First, I feel I should add...doctors, friends and others have told me the house I am living in with a family member is very abusive; while I feel like it is wrong how she is to me, it is also normal...so I note their words in case someone thinks I'm insane... I'm sorry... My husband is from the UK, I'm from the US, I live here 6 months, here 6 months... Or I did, until 2 years ago, but I detail that in the link...

I want, or need i feel, to leave so badly... I haven't been able to work much but i've raised $300.00 (my husband has had to take medical leave due to depression and mental health issues)... Is there anyone, anyone out there who could spare a little money to help me obtain the additional $350 needed to buy my ticket back to him?

Our anniversary is coming up, and I feel we are both about at our breaking point... I am so sorry to be asking for money and offer art in return to any amount given if desired? Please, please share this... And thank you so much for reading <3

My husband is the reason I have made it this far in life... Some History This last time when I came home I had no idea that I would be losing my grandpa or father, as him and my grandma raised me, any more than I had any idea of the other events that would follow.

Through it all my husband has been so understanding... Ilove him so much and I want this for us, I want to see him smile and I want to feel his hugs again; I want us both happy and the only way for that is if we are finally together again... He truly is my other half; I feel the empty broken part inside of me the moment I get on the plane and come here.

How I'll Use Money

I'll be adding it to the $300 I have and buying a ticket for before March 8th... Also, please see below if you are interested in accepting a piece of art from me in gratitude of your kindness... <3

We were married March 8th and have only been able to be together on our anniversary 2 times in what will be 5 years... Nothing would make me or him more grateful, omg out of this world grateful beyond any amount of money or action, if we could finally reunite...on what we consider to be the most romantic day of the year; our anniversary.

But March 8th is coming fast and I am running out of options... I currently have $300.00 and the $350.00 would go towards that to purchase my ticket to my husband in the UK.

Blah I write this with tears and feel so guilty.
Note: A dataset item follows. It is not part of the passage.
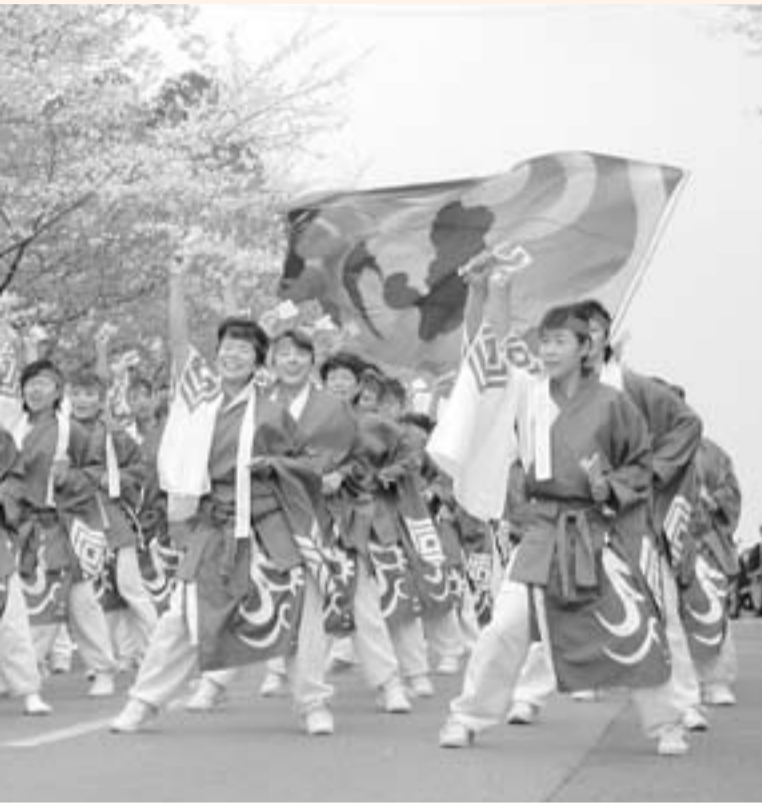
和よさこい会「和氣謠謠」の皆さん

桜の季節、各地で桜まつりが開催されました。 桜の名所として知られる城山公園で開催された、水郷おみがわ桜つつじまつり。さまざまなイベントが行われ、多くの人が春のひとときを満喫しました。 また、十間川や佐原公園、香取神宮でも桜まつりが開催され、満開に咲いた桜を楽しみました。

I haven't been able to work; he has had to take medical leave due to depression... Nothing has gone right other than our loyalty and devotion...our love...these past 2+ years.. I am so sorry to ask this of you, but please....if you can even donate a dollar, that is one dollar closer to reuniting two people who very much need each other... I hope that doesn't sound coincided because it's not intended to...

You truly would be putting two pieces that belong together, cannot function apart, back together and that is priceless... And helping me escape living in an extremely abusive enviornment.

I wish I knew a way to offer thanks that would give back in a way that would show how grateful and appreciative...how truly, truly thankful I am... I don't think any of you guys who may donate really know the depth of what your contribution towards this will be giving... To us as a married couple, our future; but also to us as individuals.

I am a photographer, as well as an abstract artist, and if any of you guys would like to look at my work and selecta piece or something, it wouldn't be anywhere near enough of a payback or even a thank you; but it would be a start... If you would be interested, please, please do let me know...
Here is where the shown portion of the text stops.